Although Alexey is still in prison, he and his team continue doing their best to make Russia a democratic country, to stop Putin’s almighty and autocracy. Before the legislative elections that were held last September FBK announced the “Smart Voting” campaign with the aim of depriving the United Russia party (the ruling party) of votes in the elections. Thousands of people took part in this campaign and made their votes “smart” by supporting another party, not Putin’s one. This resulted in the reduction of United Russia’s seats in the State Duma (the lower house of the Federal Assembly of Russia). For campaigns like “Smart Voting” FBK was officially recognized by the Russian court as an extremist organization.

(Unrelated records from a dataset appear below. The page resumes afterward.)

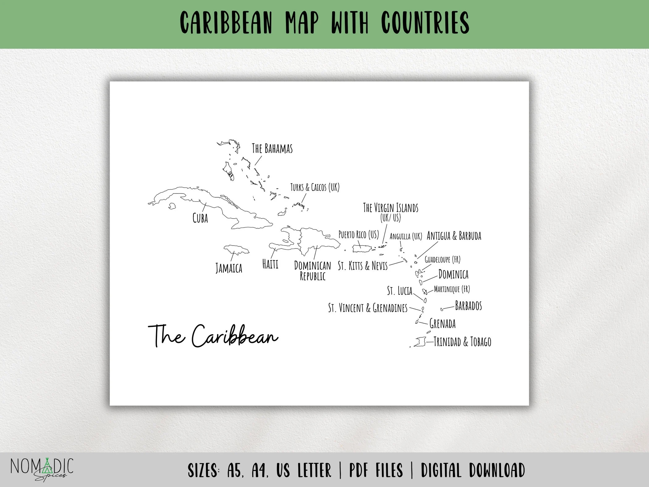 Caribbean Islands Map caribbean Map With Countries caribbean Islands Travel Tracker travel Planner Page Pdf learning Map DIGITAL DOWNLOAD Etsy
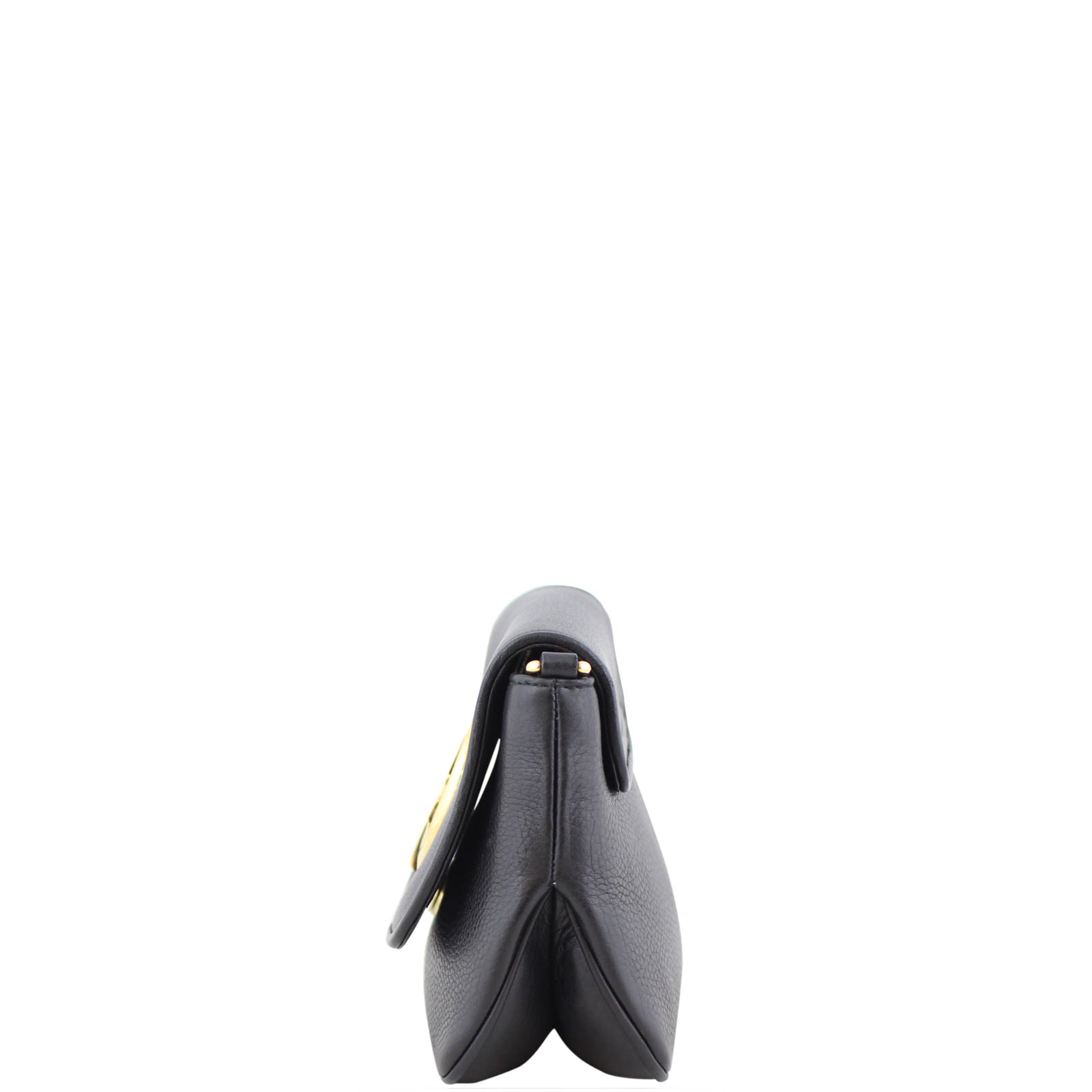 Features: Black grained leather exterior; gold tone hardware; chain shoulder strap that can be worn long or tucked in for use as a clutch; top flap with magnetic dome closure to main compartment; beige suede leather lined interior with 1 x slip pocket.
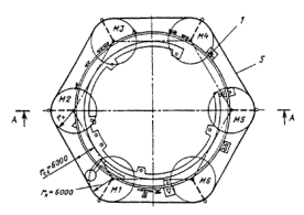 Рис. 9. Молниезащита металлического резервуара вместимостью 20 тыс. м3 со сферической крышей и понтоном: 1 - клапан аварийного выброса газов; 2, 3 ‑ то же, что на рис. 8; 4 ‑ понтон; 5 - зона защиты на высоте hх = 23 м; 6 ‑ гибкий кабель
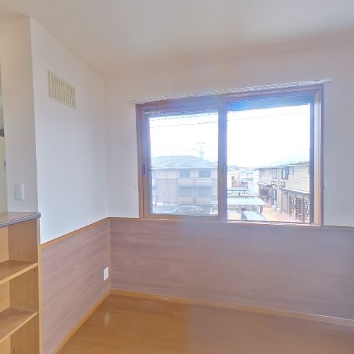 • 採光の良さ(確度86%):掃き出し窓と腰高窓の2方向に窓があり、窓外は開けていて室内が明るい。
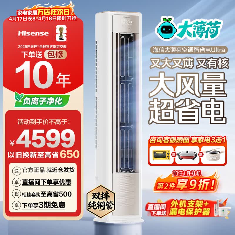 海信(Hisense)大薄荷空调智省电ultra 大3匹双排纯铜管 AI省电35% 世界杯定制空调柜机 客厅立式72LW/E370Pro-X1 智省电 超一级 大3匹 【风量天花板】咨询客服享底价
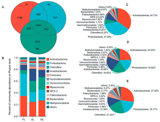 Relative abundance of soil bacterial communities under different land uses at the phylum level. Abbreviations, FL, forestland; AL, arable land; WL, wetland. (A) Venn diagram of soil microorganisms based on the level of OTUs. (B) Relative abundance of soil bacterial communities under different land uses at the phylum level. (C) Community analysis pieplot on phylum level in FL. (D) Community analysis pieplot on phylum level in AL. (E) Community analysis pieplot on phylum level in WL.
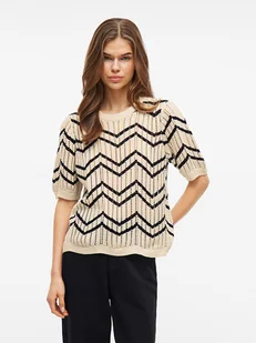 Vila Sweter "Autra" w kolorze kremowo-czarnym
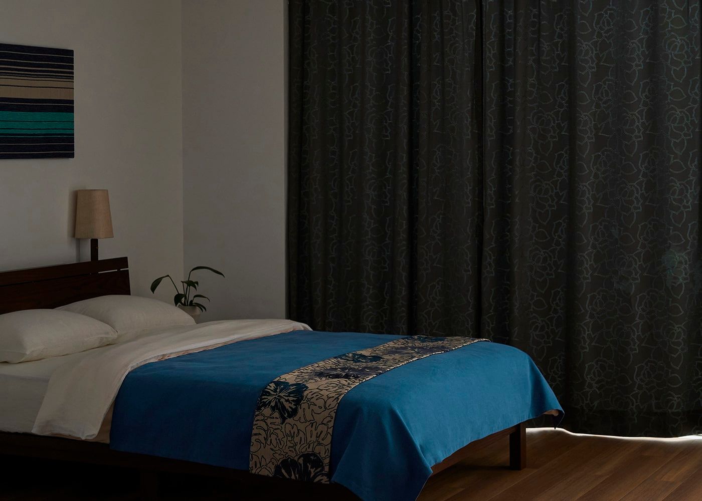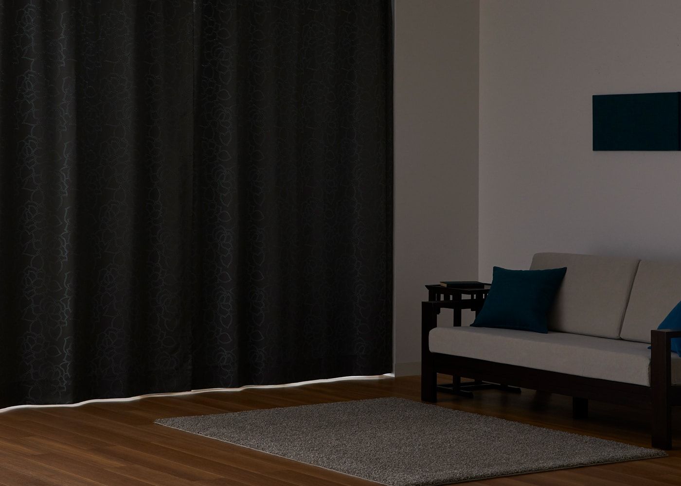 ルートは生地が厚いため、遮光カーテンのように室内への光を遮ってくれます。(写真はグレー ノンタック。室内照明OFF。)
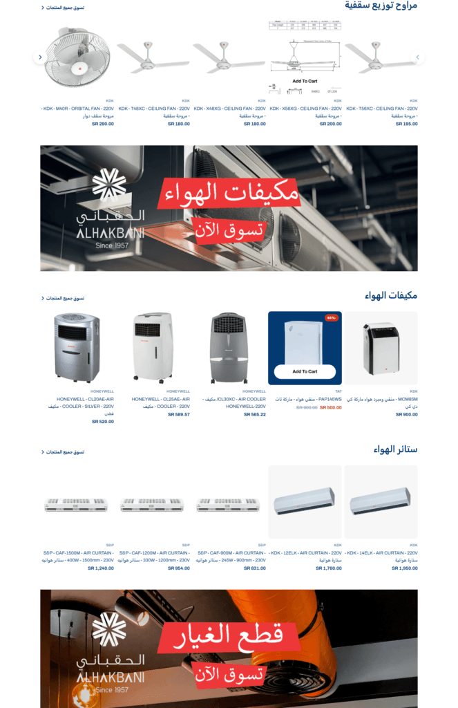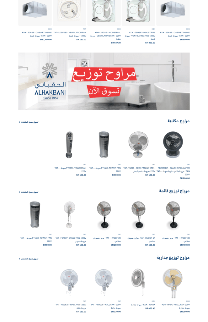 يشمل المتجر فئات متنوعة مثل مراوح الشفط، الدفايات الخارجية، مكيفات الهواء، المراوح الدورانية، منقيات الهواء، وغيرها الكثير، مع عروض حصرية وخصومات جذابة.
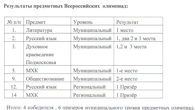 Реализуя программу развития «Школа «Диалога культур», в учреждении созданы условия для получения образования различного уровня с учетом возможностей, потребностей и здоровья учащихся. Школа работает по базисному учебному плану 2004, который включает изучение английского языка с начальной школы. Апробируются инновационные и экспериментальные программы (региональный компонент – История Московской области, Духовное краеведение, Русское речевое общение; муниципальный эксперимент - Основы православной культуры). В учебный план введены предметы школьного компонента: МХК, «Экология»,«Информатика» (8-9кл.), изучение второго иностранного – французского.
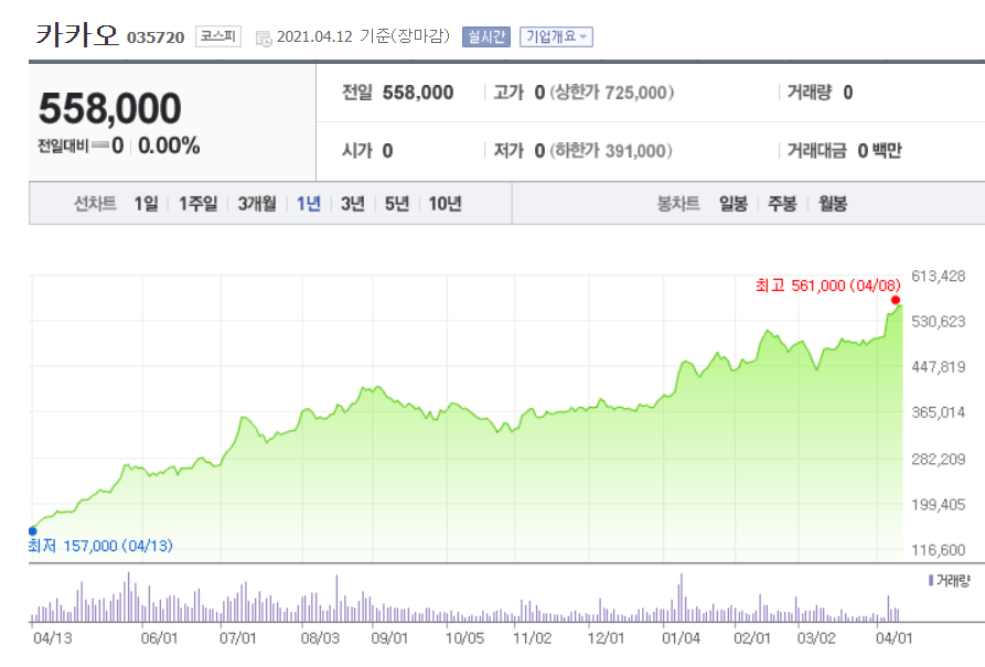 카카오가 액면분할의 저주를 뚫고 지금처럼 빠르게 주가가 오를 수 있을지 지켜봐야겠습니다.
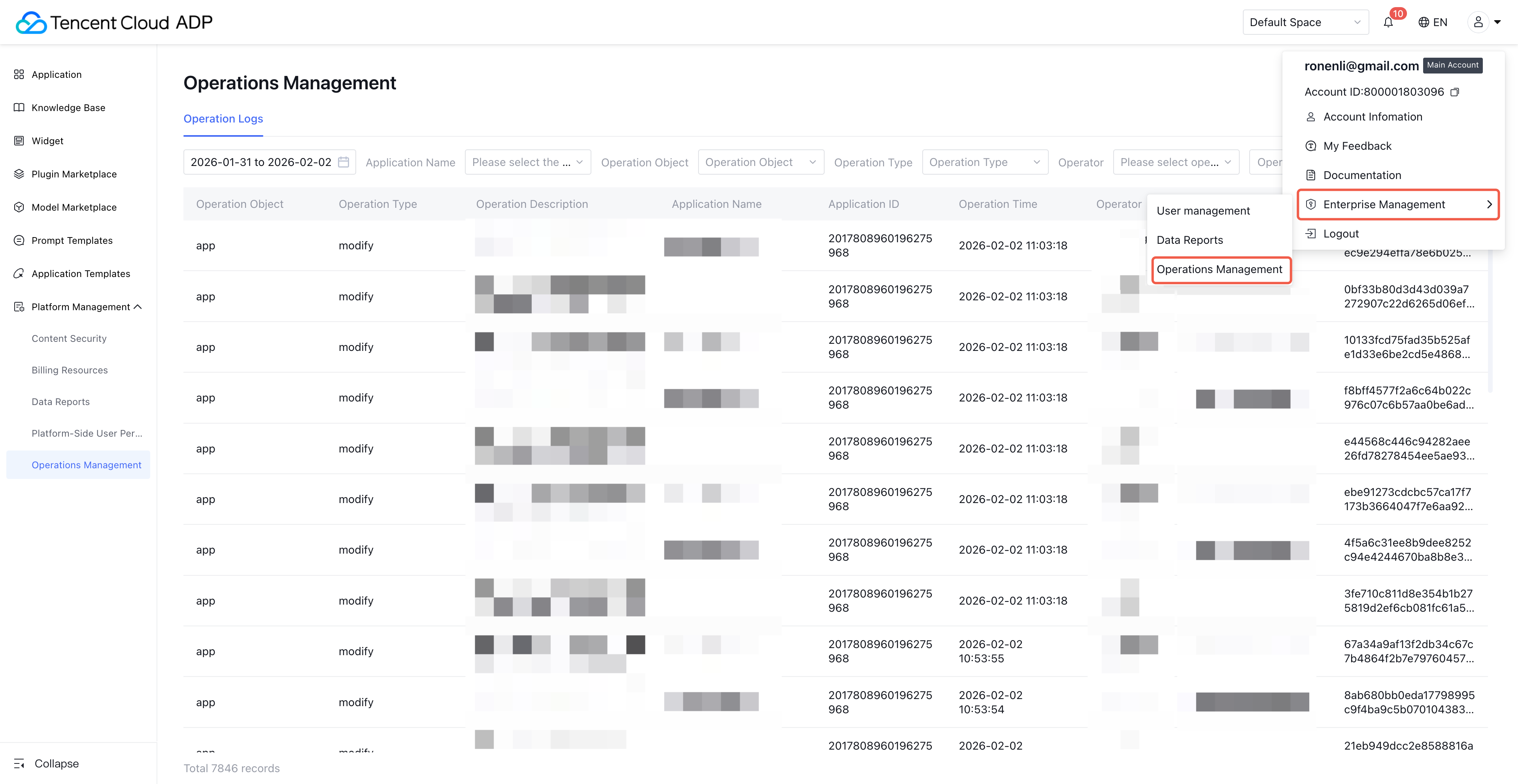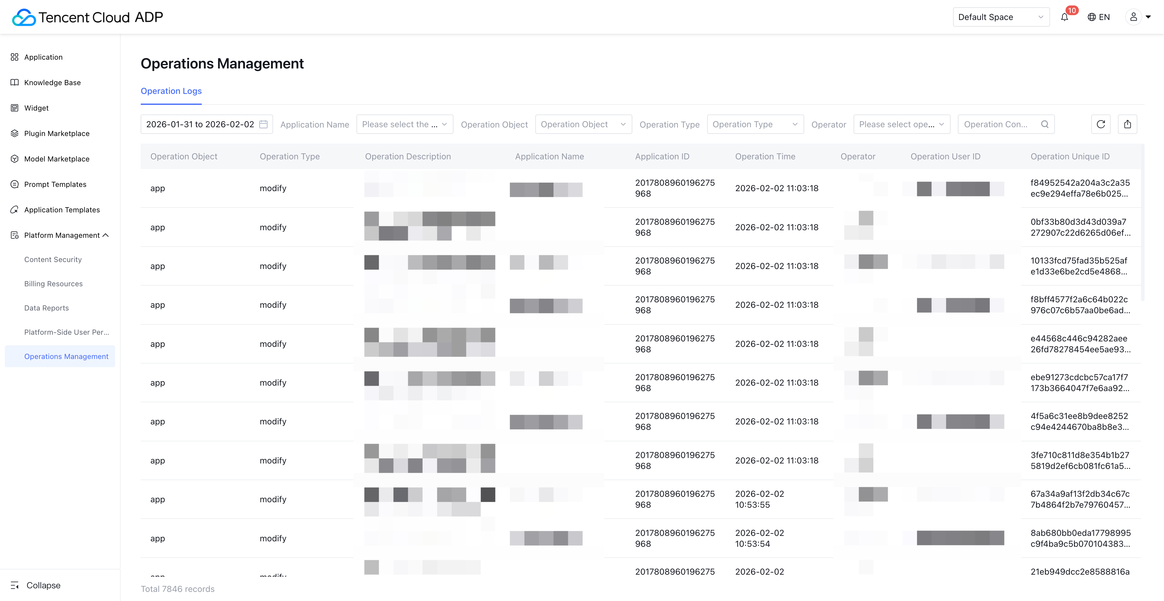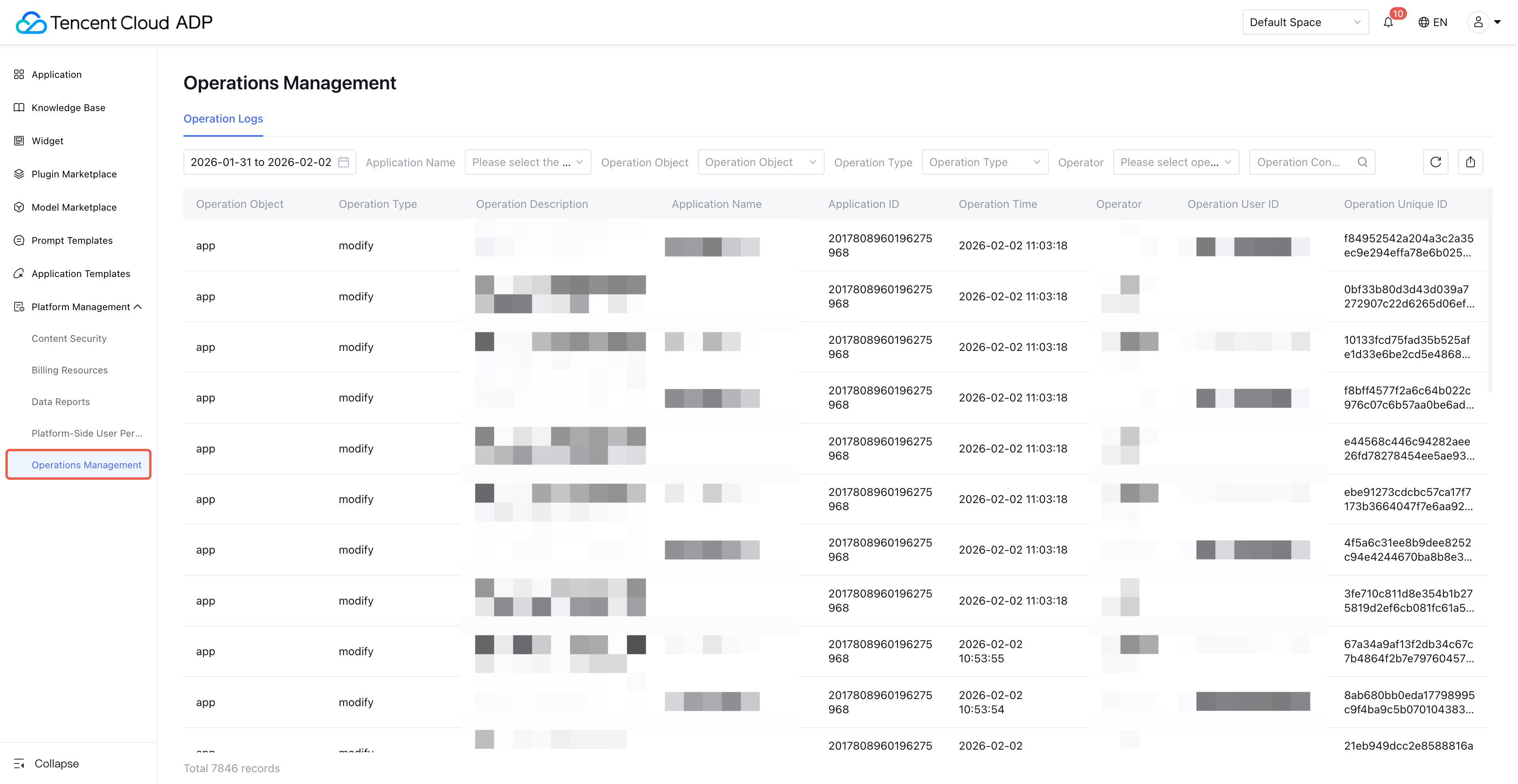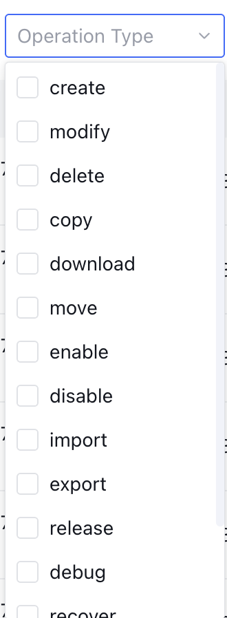 Operation Type | Support filtering, enumeration values contained as follows: create: file inclusion import. modify: Edit corresponding content, including batch edit operations such as batch adjust document validity time. copy: for example, application development copy. download: including batch download action. move: move an asset to the corresponding category. enable: enable assets such as documents and QA. disable: disable assets such as documents and QA. import: document import for the knowledge base. export: export report data. release: publish application. debug: debug a specific node in the workflow or debug the entire workflow operation. recover: restore assets such as documents and QA. collect: prompt template collection. uncollect: unfavorite prompt template. | Support drop-down selection of operation type, multiple selection ![]() | Yes | Yes |
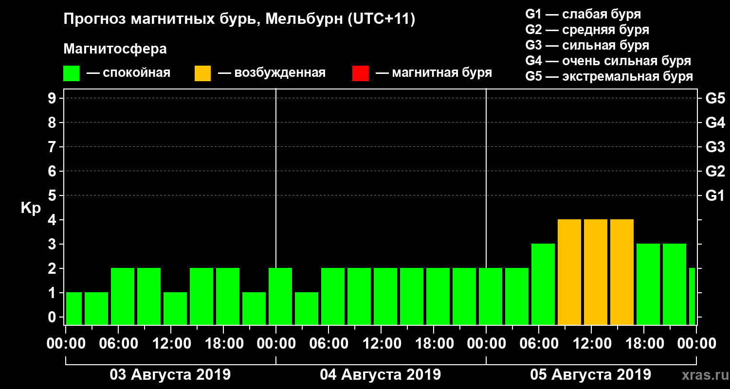 Прогноз магнитных бурь в Мельбурне — 3 августа 2019 года
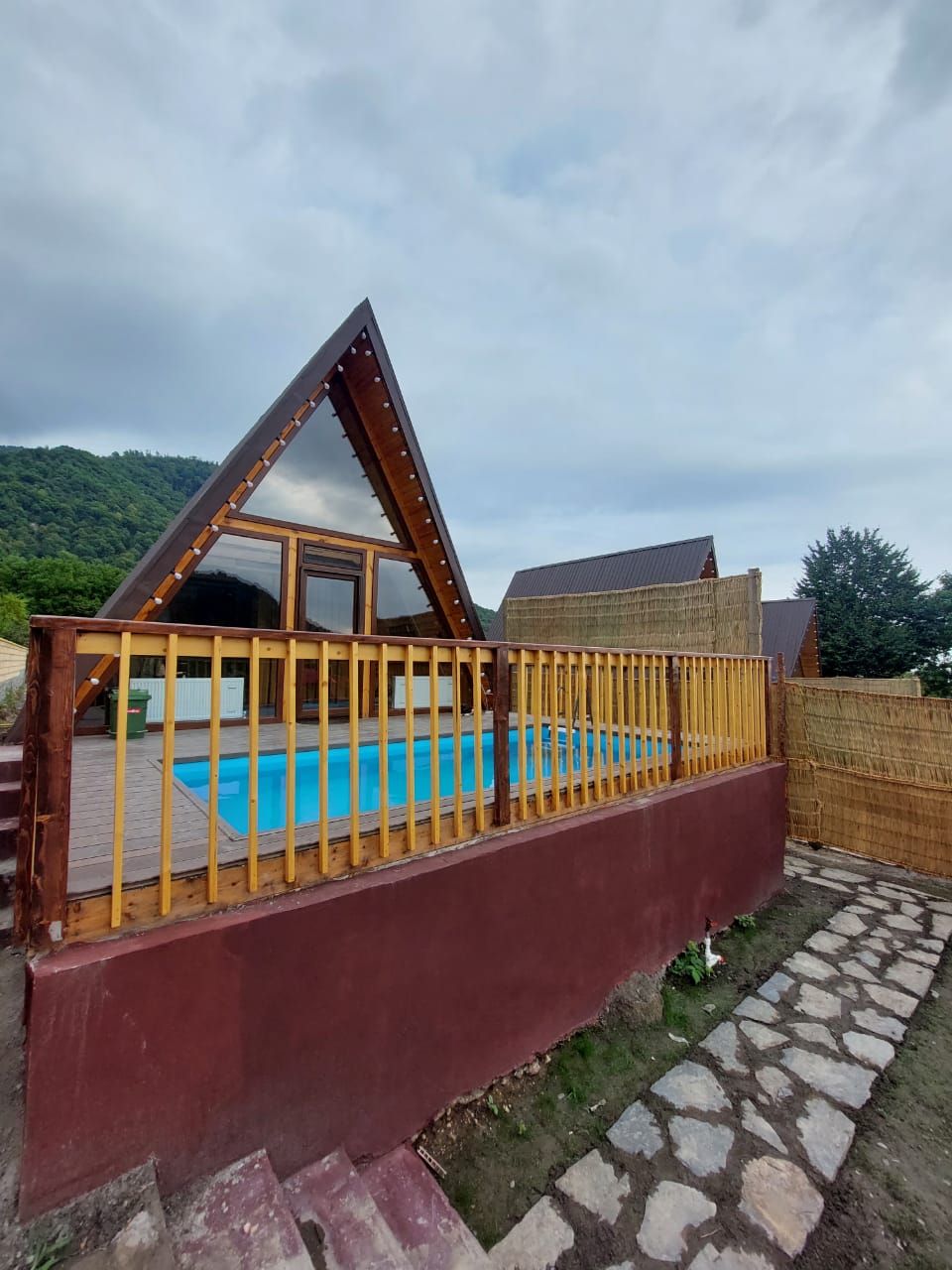 Aframe Villa located is Qemervan village, far from center of Gabala, 20 minutes include 1 bedroom, 2 beds, ac, super mountain scenery heated swimming pool, river sounds

I am incredibly happy to see Alexey Navalny in the list of the Sakharov Prize’s laureates among people like Nelson Mandela, Malala Yousafzai, and organizations such as Democratic opposition in Venezuela and in Belarus. However, at the same time, it is sorrowful to realize that this prize is not going to affect Alexey’s sentence in prison. Russian authorities are continuing to eliminate every organization that Navalny had created and showed their disrespect for the European Parliament’s decision.
For many years, Alexey was a key political figure for Russians, including me, and the only hope for establishing democracy in Russia. His sentence to prison was a determining factor in my leaving the Motherland, as no chance for changes in Russian political and social life was left. I endorse the words of the European Parliament President as well as those of millions of people and demand Navalny’s immediate release.